September 1, 2009 3:08 PM Subscribe
Gmail was down this afternoon. What, exactly, is happening when gmail is "down," and what are the kind of things that can cause something like Google/gmail to not work?
Any number of things might take gmail down, or cause it to start working 'wrong' in such a way that its managers would rather block access till the problem is resolved. This is kind of like saying, "My car is in the shop, what kinds of things would do that?"
posted by Tomorrowful at 3:12 PM on September 1, 2009 [2 favorites]
posted by Tomorrowful at 3:12 PM on September 1, 2009 [2 favorites]
>What, exactly, is happening when gmail is "down,"
Could be 1000s of things. Basically a program that interacts between your browser and your email data (apache, mysql etc.) is not able to do this anymore. This could be because of a bad update, the database server being down....

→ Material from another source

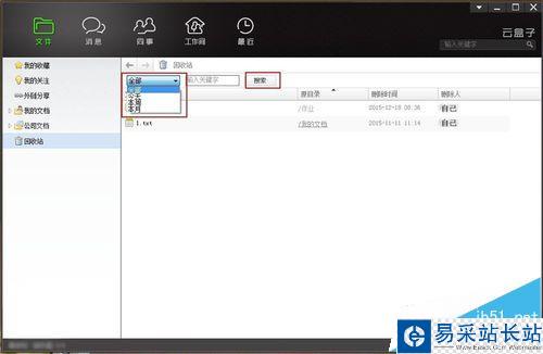 2、我們可以通過文件列表上面的搜索按鈕進行檢索,可選擇刪除時間以及文件名關鍵字進行檢索(這里的文件只要不去徹底刪除會永久保存)。

>and what are the kind of things that can cause something like Google/gmail to not work?
Again, many things could cause this. Human errors, software errors, bad people (DOS).
More important is that you did not lose any emails that were delivered during this time. And while the web-interface (was you probably understand as gmail) was down, you were still able to access your email with another email client (IMAP).
From many email services I had, including my own setup, gmail is doing a fantastic job.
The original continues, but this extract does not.